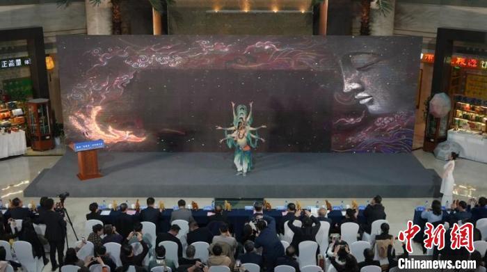 11月20日,敦煌“會展季”北京推介會舉行。圖為推介會現(xiàn)場的文藝表演。主辦方供圖。
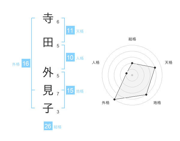 寺田 外見子さんを姓名の画数から五運を鑑定
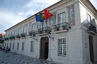 DescriçãoBipartida verticalmente em duas cores, o verde do lado da tralha e vermelho do lado do batente. No centro da linha divisória entre as cores, tem o escudo das armas de Portugal orlado de branco, assente sobre uma esfera armilar amarela e avivada de preto.
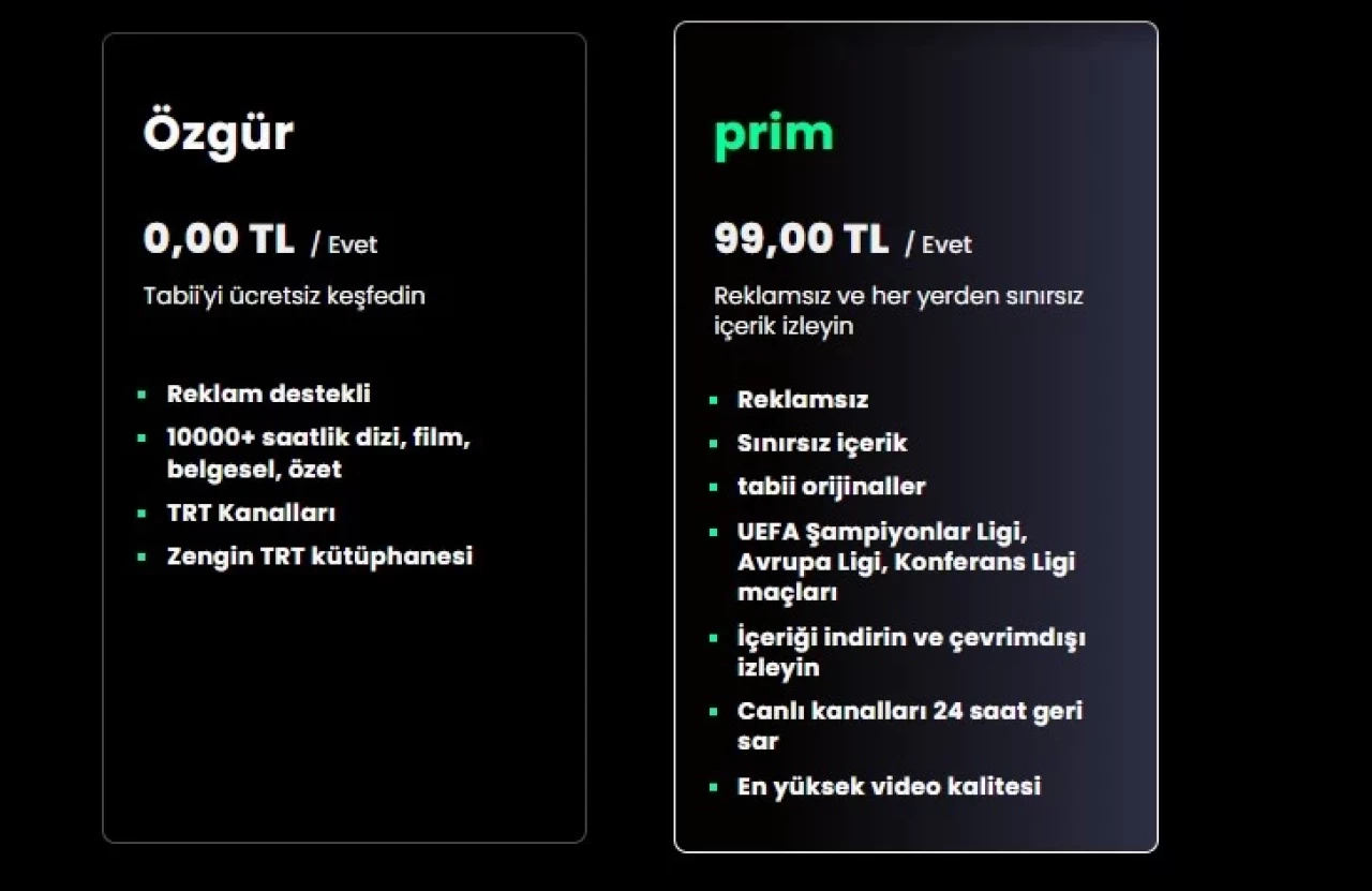 Tabii Özgür'de ise reklamlı izleme seçeneği mevcut. Öte yandan Pek çok dizi ve film seçeneği bulunuyor.

* _WORK ORDER_:
Reproduce exactly and only the lines from the line that contains "寺田 外見子さんを姓名の画数から五運を鑑定" to the end of the data above, both ends included. No pictures go in the copy.

* _TASK SOLUTION_:
 寺田 外見子さんを姓名の画数から五運を鑑定
 DescriçãoBipartida verticalmente em duas cores, o verde do lado da tralha e vermelho do lado do batente. No centro da linha divisória entre as cores, tem o escudo das armas de Portugal orlado de branco, assente sobre uma esfera armilar amarela e avivada de preto.
 Tabii Özgür'de ise reklamlı izleme seçeneği mevcut. Öte yandan Pek çok dizi ve film seçeneği bulunuyor.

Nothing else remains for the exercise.